Disclosure of the Invention

[0009] According to a first aspect of the invention there is provided a housing for connection to a downhole assembly, as described in claim 1.

[0010] The valve means may comprise a check valve such as a ball check valve.

[0011] The valve means may be associated with the first section of the housing.

[0012] The downhole tool, or component thereof, may be of any appropriate form.
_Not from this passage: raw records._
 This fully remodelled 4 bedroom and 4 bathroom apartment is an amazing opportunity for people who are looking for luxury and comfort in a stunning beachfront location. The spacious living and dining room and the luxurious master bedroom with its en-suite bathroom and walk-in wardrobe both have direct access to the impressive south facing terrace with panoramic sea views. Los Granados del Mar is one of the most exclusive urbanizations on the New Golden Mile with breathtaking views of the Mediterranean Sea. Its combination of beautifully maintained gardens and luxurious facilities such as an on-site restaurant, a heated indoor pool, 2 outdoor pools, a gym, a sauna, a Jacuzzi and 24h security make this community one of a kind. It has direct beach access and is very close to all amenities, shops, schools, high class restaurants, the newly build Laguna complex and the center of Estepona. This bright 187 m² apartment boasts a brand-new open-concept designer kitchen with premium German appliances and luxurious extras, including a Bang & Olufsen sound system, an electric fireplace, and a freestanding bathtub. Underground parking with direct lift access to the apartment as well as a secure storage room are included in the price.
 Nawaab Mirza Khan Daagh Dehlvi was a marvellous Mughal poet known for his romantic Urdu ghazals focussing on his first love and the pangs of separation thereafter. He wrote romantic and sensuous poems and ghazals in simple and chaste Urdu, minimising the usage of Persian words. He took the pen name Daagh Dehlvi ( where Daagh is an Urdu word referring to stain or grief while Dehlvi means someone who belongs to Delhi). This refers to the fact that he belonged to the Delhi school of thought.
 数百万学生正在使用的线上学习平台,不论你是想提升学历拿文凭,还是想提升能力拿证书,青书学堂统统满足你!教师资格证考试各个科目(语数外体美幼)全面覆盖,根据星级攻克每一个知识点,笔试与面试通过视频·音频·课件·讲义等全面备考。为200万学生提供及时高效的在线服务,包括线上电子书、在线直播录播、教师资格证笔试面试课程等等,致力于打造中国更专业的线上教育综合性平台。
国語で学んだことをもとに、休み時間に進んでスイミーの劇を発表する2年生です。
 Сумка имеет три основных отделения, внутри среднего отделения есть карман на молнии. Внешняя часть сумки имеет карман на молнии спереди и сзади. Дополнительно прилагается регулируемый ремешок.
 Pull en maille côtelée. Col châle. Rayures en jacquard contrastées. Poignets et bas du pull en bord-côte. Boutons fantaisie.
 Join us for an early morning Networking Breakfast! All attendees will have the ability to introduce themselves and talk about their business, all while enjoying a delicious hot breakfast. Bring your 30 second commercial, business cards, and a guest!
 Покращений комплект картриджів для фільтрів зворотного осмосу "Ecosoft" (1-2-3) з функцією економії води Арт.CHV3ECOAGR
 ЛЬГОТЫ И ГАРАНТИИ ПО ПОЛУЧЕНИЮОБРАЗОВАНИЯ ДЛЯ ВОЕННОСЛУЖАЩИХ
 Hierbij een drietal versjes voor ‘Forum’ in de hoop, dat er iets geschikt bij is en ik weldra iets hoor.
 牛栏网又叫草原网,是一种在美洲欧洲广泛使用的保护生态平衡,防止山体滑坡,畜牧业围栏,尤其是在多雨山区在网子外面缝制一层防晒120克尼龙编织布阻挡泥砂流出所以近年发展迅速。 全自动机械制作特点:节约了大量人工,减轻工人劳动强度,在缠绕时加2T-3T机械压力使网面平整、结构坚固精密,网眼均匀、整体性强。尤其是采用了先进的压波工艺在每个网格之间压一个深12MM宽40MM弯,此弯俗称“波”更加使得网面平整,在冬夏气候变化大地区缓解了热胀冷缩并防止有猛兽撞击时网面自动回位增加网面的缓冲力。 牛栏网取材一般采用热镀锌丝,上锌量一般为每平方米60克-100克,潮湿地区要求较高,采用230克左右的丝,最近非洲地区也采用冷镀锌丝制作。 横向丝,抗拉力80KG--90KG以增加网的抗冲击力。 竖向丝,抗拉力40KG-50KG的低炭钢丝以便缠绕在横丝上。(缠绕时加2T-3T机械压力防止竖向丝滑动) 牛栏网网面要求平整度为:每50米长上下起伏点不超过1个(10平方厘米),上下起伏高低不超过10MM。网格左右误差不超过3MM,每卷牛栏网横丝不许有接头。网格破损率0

An example of such a tool is an orientation device for providing an indication of the orientation of a core sample cut by a core drill in geological investigative operations.

[0013] Preferably, the housing is adapted for connection to a tubular portion in a downhole assembly, the tubular portion having an axial passage through which fluid in a borehole can pass as the assembly descends within the borehole.

[0014] Preferably, the housing is adapted for connection to a core drill inner tube, the inner tube having an axial passage through which fluid in a borehole can pass as the inner tube and housing connected thereto descend within the borehole.

[0015] Preferably, the housing is used in an assembly movable along a borehole, the assembly comprising a tubular portion and the housing connected to the tubular portion, the tubular portion having an axial passage through which fluid in the borehole can pass as the assembly descends within the borehole.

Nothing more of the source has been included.